Thursday, October 2, 2014

New Blog (CherLeo.com/)

Hello readers,
Please note that I've migrated this blog to a new address. It's the same content, but with an updated look. I'll be writing on http://www.cherleo.com/ from now on.

Thanks!

Thursday, August 28, 2014

The Pain-Happiness Combo

This has been a week of reflection for me. I've been struggling with little things that often seem not so little. And then I think back...so many things have gone wrong this year. How much more can I take?

It's sometimes when we are down that we come up with uplifting lessons for ourselves, isn't it?  I realized that this is my life. Of course, had I been given the choice, I wouldn't have chosen it exactly the way it's been given to me. I would have kept many things the same, but I would have deleted the part where my son died. But for reasons that are beyond me, these are the cards I've been dealt. This is MY life. It's not perfect and I'm sure, many look at me and feel relieved that this is not their lives.  I have to work with what I have, I have to somehow, overcome all this. Overcome losing my son, overcome any job problems, overcome the sadness and the pain and any other crap that might come at me.

I'm in no way a hero or a strong person. Going through something this horrible doesn't make you stronger. In fact, it breaks you in a million pieces and you patiently need to piece yourself back toghether.  And you don't always put all the pieces in the right places. Sometimes, you lose a few of them in the process.

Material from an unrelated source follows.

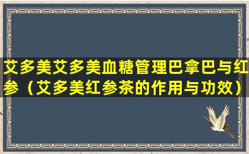 关于“艾多美血糖管理巴拿巴与红参”,这可能是指艾多美推出的一种结合了巴拿巴(Banaba)和红参(Korean Red Ginseng)成分的产品,旨在帮助管理血糖水平。巴拿巴是一种在菲律宾常见的植物,其叶子含有一种名为罗丹明的化合物,据称可以帮助调节血糖。红参则是一种被广泛认为具有多种健康益处的草药,包括提高能量和免疫力。

This has been the toughest year of my life. Toughest than anything I've ever faced before and I hope to God that I will not face anything harder than this. And I'm not going to lie: there has been times where things got so horribly tough that the tought of ending it all seemed like the only possible way out for me. But despite all that horror, despite all that pain, I am happy. Yes, I am. I'm not sure how to explain this, it makes little sense, I know, but there are great things happening in my life. The thing is, bad things don't happen in isolation, they are often accompanied with a few good things. We just don't see them sometimes because in our minds this equation is always true: BAD > GOOD.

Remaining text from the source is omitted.